What is NMT?
NMT stands for Neural Machine Translation which comes from machine translation. Here the use of neural networks is complete to do the machine translation of one language into another.
NMT helps in translating using grammar, parts-of-speech, vocabulary of the language to find correct replacement in other languages.
Example:
1. How are you today?
Translating to German
Wie geht es Ihnen heute?
Following is the historic translation of JFK’s speech that created confusion during the cold war.
“Ich bin ein Berliner” which also means “I am a jelly donut”.
Link for optional reading
The above example gives us the need to find not just correct words to replace, but also to match relationships between words so that we don’t end up making a wrong translation.
Architecture of Neural Machine Translation
The NMT consists of Encoder and Decoder which help in translating. Encoder takes a sequence as input in one language, whereas the decoder decodes the given input and tries to find appropriate replacement words in the language the model is translating.
Encoder and Decoder are nothing but 2 LSTM-RNN models whose functions are change then.
however, Encoder works with sequence-to-vector encoding, whereas the Decoder works with vector-to-sequence decoding.
Data Preparation for NMT
The dataset contains language translation pairs in the format.

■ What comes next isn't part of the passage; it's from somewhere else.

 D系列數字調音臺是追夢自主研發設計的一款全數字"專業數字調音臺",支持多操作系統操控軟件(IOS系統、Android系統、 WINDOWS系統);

Something like this “May I borrow this book? ¿Puedo tomar prestado este libro?”
Here’s a link to get pre-formatted datasets “http://www.manythings.org/anki/ ”.
thus, The above link has many zip packages which can be used for NMT models.

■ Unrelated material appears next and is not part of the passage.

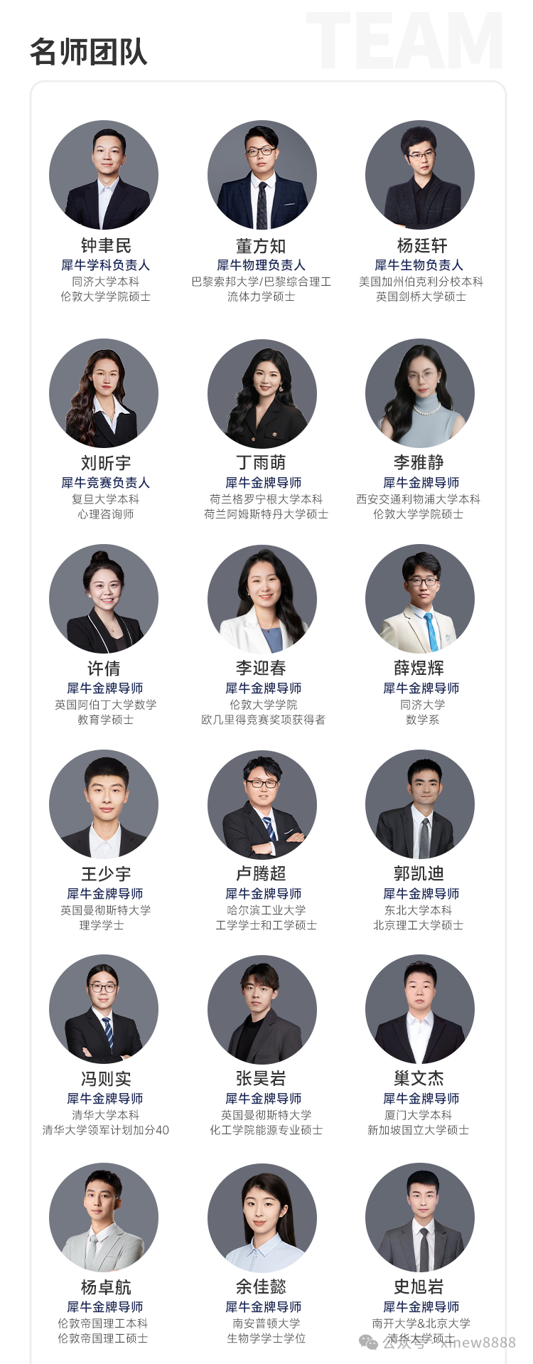 犀牛IGCSE辅导培训课程师资涵盖IGCSE数学、IGCSE物理、IGCSE化学、IGCSE生物、IGCSE经济等多个科目辅导老师,教学经验丰富,专业功底扎实,不仅对IGCSE课程的备考重点、难点、考察规律等非常熟悉,还知道怎么教,帮助多名同学们在国外的备考中取得了不错的成绩。

After downloading the dataset from link above, some steps are need to prepare the data:
- Add a start and end token to each sentence, which looks like <SOS> and <EOS>.
- Cleaning the sentences by removing special characters and unnecessary characters.
- Create a word index and inverted word index (dictionaries mapping from word → id and id → word).
- Padding of each sentence is must to match the max length sentence.
Implementation of Neural Machine Translation using Attention
The NMT models trained before Attention were using seq2seq structure. This structure had an issue known as Fixed Encoder Representation which caused a bottleneck at the output vector.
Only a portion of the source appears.